Ask any science-fiction fan, and they will tell you that the best sci-fi stories are the ones that are deeply and uncomfortably personal. Oftentimes, the best ones are about a single person confronting something bizarre and unearthly that either changes them, or makes them realize who they’ve been all along. The best ones climax not with an epic battle or the defeat of a terrible foe, but with one decision. One decision that will change everything.
Much like Denis Villeneuve’s Arrival before it, Alex Garland’s Annihilation is a shining example of what science-fiction can be when the narrative hinges on one woman and the one world-altering decision she must make: Do I save my world, or not?
Although they have almost nothing do with each other, I bring up Arrival instead of Garland’s previous film, Ex Machina, because Arrival and Annihilation feel like two sides of the same coin. Both feature complex and imperfect women in lead roles who must carry the burden of saving the world at the expense of personal happiness. Both women make their decisions based on love. But they do not make the same decision, and compared to Arrival, that is partially what makes Annihilation so fascinating. But only partially.

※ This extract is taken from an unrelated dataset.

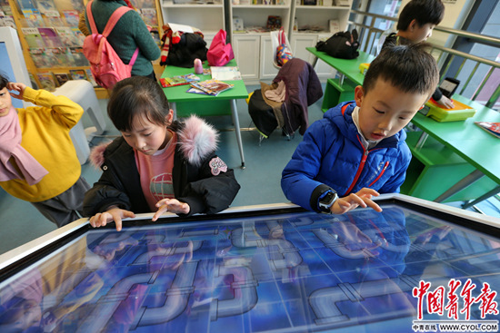 1月10日,北京市通州图书馆,孩子们在大屏幕上做游戏。作为通州区属综合性公共图书馆,通州区图书馆前身可追溯到1916年成立的京兆通县通俗图书馆。随着北京城市副中心的运行,通州区图书馆通过朗读亭、无障碍听书设施、由竹简微缩而成的五河径流图等一系列新设施焕发新生机。

The rest, I want you to see for yourself. I don’t actually want to talk about this movie at length, because it’s so worth going into blind, especially if you’ve not yet read the masterful novel by Jeff VanderMeer upon which it’s based. For those who have? This movie is VanderMeer’s book, refracted. It’s not a straight adaptation, and it’s not a better adaptation; it captures the spirit of the book, but it’s entirely its own animal. Like an alligator with shark teeth. Like a woman who sprouts and blooms.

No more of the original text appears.